Coffee heat rising

Eine Kleine Estate Planning

Update: Bear in mind that much of what follows applies specifically in the state of Arizona. Each state has its own laws and regulations about the way property is held by more than one person, wills, and how heirs and appointed representatives can access, manage, and dispose of a deceased person’s property. You should check with a lawyer in your state to learn the best ways to pass down real estate and financial assets and how to make your wishes apply when you’re incapacitated.

So, when my lawyer and beloved tax preparer announced that she’s retiring, it crossed my mind that it’s been quite some time since my will was redone. It sets up a trust that expires when my son turns 21…and he’s now almost 35.

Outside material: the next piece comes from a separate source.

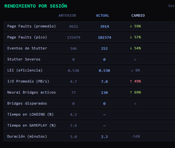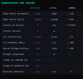 Session comparison The Performance tab shows your previous session vs. current session side by side. Green arrows mean improvement, red means regression. You can verify with your own eyes that Sentinel is making a difference — no guesswork, no placebo.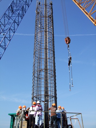 此次澆筑的試驗(yàn)樁樁徑2米,樁長126.5米,樁底入微風(fēng)化花崗巖4米,樁基施工技術(shù)難度在中國及馬來西亞均處于前列。該部自1月初開始試樁以來,堅(jiān)持精心策劃,優(yōu)化施工方案,合理調(diào)配各種設(shè)備,成功克服了晚間作業(yè)風(fēng)浪大導(dǎo)致鋼筋籠對接困難、樁基成孔深度大、鉆進(jìn)及清空過程塌孔可能性大等困難,優(yōu)質(zhì)、高效地完成試驗(yàn)樁工作。

This morning I met with a Scottsdale lawyer and learned a number of interesting things. My vast financial holdings, of course, are so…uhm, less than infinite that they’re not very complicated. The main things I learned are these:

1. When a house is held in joint tenancy and one person dies, the other person gets title to the property without having to pay taxes or jump through probate hoops.

For reasons unknown to me, M’hijito and I are tenants-in-common on the downtown house. That entails a little more complication after the demise of one person. I don’t remember why we elected to do that…there may have been a reason. But since that house is going to have to be dealt with sooner than later, I expect the reason is moot.

2. When you own a house free and clear and there’s a single person you’d like to have inherit it, you should designate that person as the beneficiary for the house. Then he or she gets it without paying taxes on it and without hoop-jumping.

3. Same is true with bank accounts. If the heir is designated your beneficiary in the bank or credit union’s records, all the person needs is a death certificate to get access to the funds.

4. And you should also designate a beneficiary to your 401(k), 402(b), IRA, and mutual funds. Similarly, this avoids probate and gives the person immediate access to those funds that aren’t tax-deferred.

5. You now not only need a medical power of attorney to go with your living will, you need a mental health power of attorney. This allows your designee to get mental health care for you should you suffer dementia to the point where you need hospitalization.

6. Of course, you still need a durable power of attorney to permit your designee to pay your bills and otherwise deal with financial matters when you’re incapacitated.

7. If you haven’t updated your medical and durable powers of attorney recently, you need to do so ASAP. Recently the laws were changed so that some specific paragraphs need to be set out and initialed to make these instruments do what they’re intended to do.

8. When you owe on a mortgage, it’s a good idea to have a term life insurance policy that will provide the heir with enough to cover the cost of the mortgage. In M’hijito’s case, it’s de rigueur, since most of my funds are now in tax-deferred instruments, and he would lose about half the money to taxes if he had to withdraw enough from my IRAs to make payments. Besides, I want him to be able to keep the IRA funds until he reaches retirement age, since it’s very unlikely Social Security will be available for him.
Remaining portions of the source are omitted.